The conjecture is true !
 
I came to this by close observation of the set  {r1, r2, ... ,rl}  for a fixed  p (not too big)  and  q = p+1, p+2, ...
For instance, when  p = 7, tabulating  q,  the residue sets  I got : 
  8, {11, 1}
  9, {15, 3, 0}
  ...
  336,  {294, 0}
  337,  {295, 294, 7, 0}
  338,  {296, 294, 14, 0}
  339,  {297, 294, 21, 0}
  340,  {298, 294, 28, 0}
  341,  {299, 294, 35, 7, 0}
  342,  {300, 294, 42, 0}
  343,  {301, 294, 49, 0}
  344,  {302, 294, 56, 0}
  ...
The last residue seemed to be always zero from 336 (= 7^3 - 7) on.

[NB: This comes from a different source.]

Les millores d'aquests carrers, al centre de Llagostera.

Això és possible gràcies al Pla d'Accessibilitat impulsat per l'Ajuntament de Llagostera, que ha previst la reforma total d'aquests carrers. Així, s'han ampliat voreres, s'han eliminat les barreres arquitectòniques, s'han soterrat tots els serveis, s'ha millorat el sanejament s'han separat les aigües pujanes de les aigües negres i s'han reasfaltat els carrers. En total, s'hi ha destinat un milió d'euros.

This was sufficient to me to see that it should be possible to find a proof of the following :

 
For every prime  p  and every natural number  q  >  p^3 - p, the residue scheme ends in zero.

 
This is indeed easy to prove as follows :
   Write  q  as  p^3 - p + k  (for  k > 0)
   Then, p + q = p^3 + k  so that we have :
      p q === p (p^3 - p + k) === -p^2 === p^3 + k - p^2 (mod p+q )

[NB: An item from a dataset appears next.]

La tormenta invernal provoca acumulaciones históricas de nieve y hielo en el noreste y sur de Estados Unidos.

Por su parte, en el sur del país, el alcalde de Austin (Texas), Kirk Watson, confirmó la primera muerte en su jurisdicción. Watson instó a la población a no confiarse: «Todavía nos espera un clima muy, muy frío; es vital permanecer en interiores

   Thus, r1 = p^3 - p^2 + k (mod p+q).
   Next, in order to compute  r2, we have modulo r1 :
     p q === p^3 - p^2  (mod  p^3 - p^2 + k)  (proof left to the reader).
   Hence, r2  is independent of  k.
   Furthermore, r2  is clearly divisible by  p  and hence all further residue  ri (i >= 2) will be divisible by  p.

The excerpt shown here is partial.